Following recent findings on the topology of metabolic and protein networks [29, 30], we simulated scale-free networks in which the fraction of nodes with *k* edges decays as a power law ∝ *k*^{-γ}. For metabolic and protein networks, *γ* is usually estimated to range between 2 and 3, which would result in very sparse networks with fewer edges than nodes in our simulation settings. To allow for denser networks, we generated 100 graphs each for *γ* = 0.5, 1.5 and 2.5. With 40 nodes, these graphs then comprised 88.3, 49.7 and 30.5 edges on average. For each edge, the conditional dependence of the corresponding gene pairs was modeled with a latent random variable in a structural equation model as described in [31]. Further details are of technical nature and are omitted here. The use of latent random variables enabled us to model partial correlation coefficients according to the previously defined network structure while ensuring positive definiteness of the complete partial correlation matrix. This matrix was then transformed into a covariance matrix Σ, from which synthetic gene expression data with 100 observations were sampled according to a multivariate normal distribution *N*(0,Σ).

ROC curves depict the true-positive rate as a function of the false-negative rate. However, in our setting where the false-positive edges by far outnumber the true-positive ones, the proportion of true positives among the selected edges is also of interest (Figure 6b). Note that this proportion is the complementary false-discovery rate 1-FDR [32]. Figure 6b provides further evidence that the modified GGM approaches have a better performance than standard GGM.

### Application to galactose utilization in *Saccharomyces cerevisiae*

For further evaluation, we applied our approach to the galactose-utilization dataset from [14] to detect galactose-regulated genes in *Saccharomyces cerevisiae*. Ideker *et al*. [14] used self-organizing maps to cluster 997 genes with significant expression changes in 20 systematic perturbation experiments of the galactose pathway. From the nine galactose genes under investigation, two subgroups with three and four genes, respectively, were found in two of the 16 clusters. Nine of the 87 genes in these two clusters carried GAL4p-binding sites and are thus candidate genes for regulation by the transcription factor GAL4p. Among these candidate genes, *GCY1* and *PCL10* are known to be targets of GAL4p [33], and *YMR318C* has been implicated in another binding-site study [34].

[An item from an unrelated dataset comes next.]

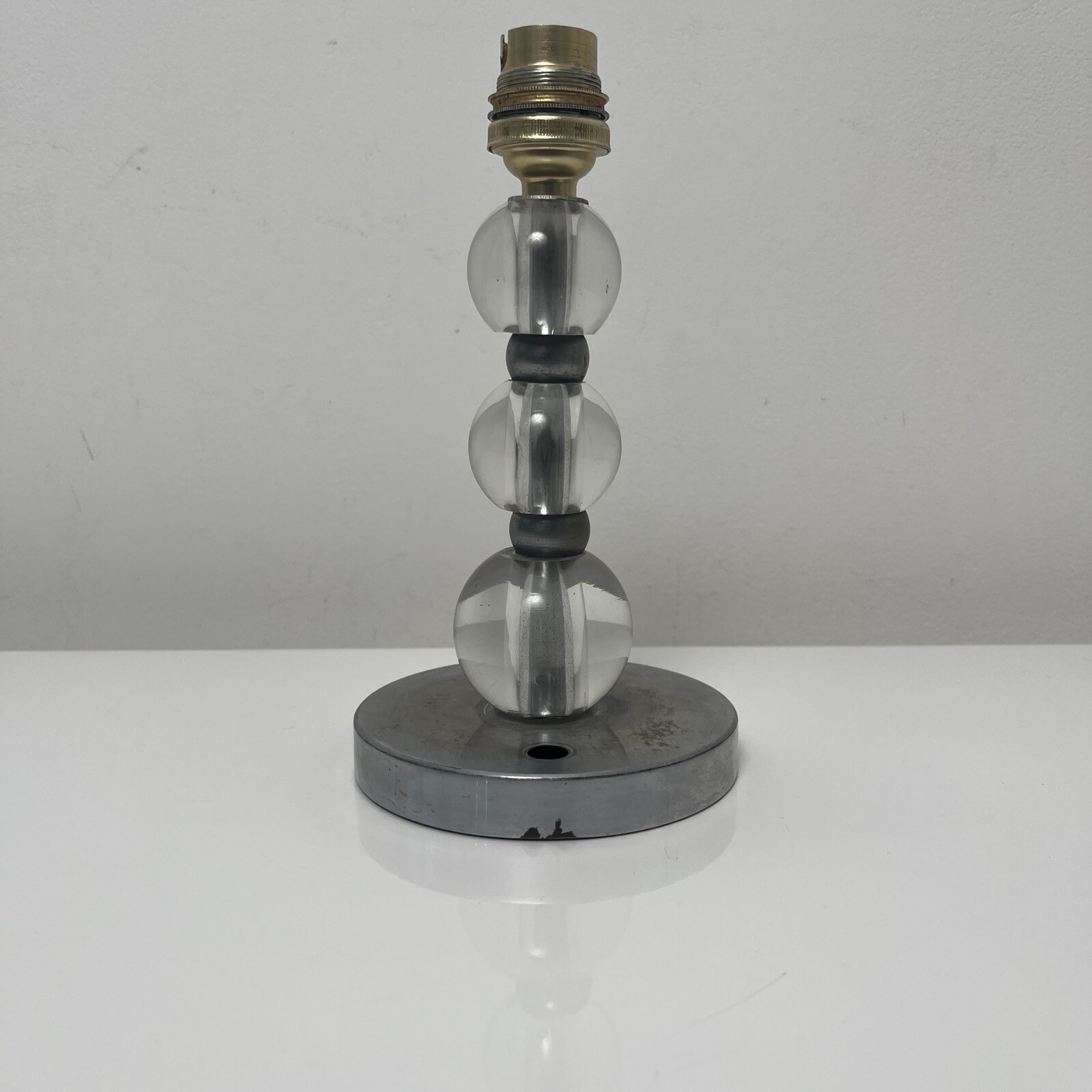 Pied de lampe boule verre et laiton nickelé Art Déco dlg Adnet a restaurer PL

After incorporating all yeast genes into our network of the nine galactose genes, 13 genes were found to attach significantly well. Among these, *GCY1* and *PCL10* were also detected. Furthermore, three out of the remaining 11 candidate genes (*MLF3*, *YEL057C* and *YPL066W*) had GAL4p-binding sites. These genes were also identified in [14]. This result shows once more that with our approach we are not only able to model the dependence between genes but also find genes whose expression profiles fit well to the original genes in the model. In contrast to [14], we did not have to rely on gene clusters with a high occurrence of galactose genes to find these genes.

## Discussion

Analysis of gene expression patterns, for example cluster analysis, often focuses on coexpression and pairwise correlation between genes. Graphical models are based on a more sophisticated measure of conditional dependence among genes. However, with this measure, modeling is restricted to a small number of genes. With a larger set of genes, it is rather difficult to interpret the model and to generate hypotheses on the regulation of genetic networks.

In our approaches, in the search for significant co-regulation between two genes all other genes in the model are also taken into account. However, the effect of these genes is examined separately, one gene at a time. Because of this simplification, modeling can include a larger number of genes. Also, each edge has a clear interpretation, representing a pair of significantly correlated genes whose dependence cannot be explained by a third gene in the model. Our frequentist method has a resemblance to the first two steps in the SGS and PC algorithms [31]. By restricting the modeling to subnetworks with three genes, we avoid the statistically unreliable and computationally costly search for conditional independence in large subsets, as in the SGS algorithm. Also, we avoid having to remove edges in a stepwise fashion, as in the PC algorithm. Therefore, we do not run the risk of mistakenly removing an edge at an early stage, which leads to improved stability in the modeling process.

By using a Gaussian model, we can only reveal linear dependencies between genes. For handling nonlinearities, gene-expression profiles should be discretized and analyzed in a multinomial framework. In principle, it should be straightforward to adopt our approach to a multinomial model. Because we focused on linear dependencies, we have not addressed this problem so far.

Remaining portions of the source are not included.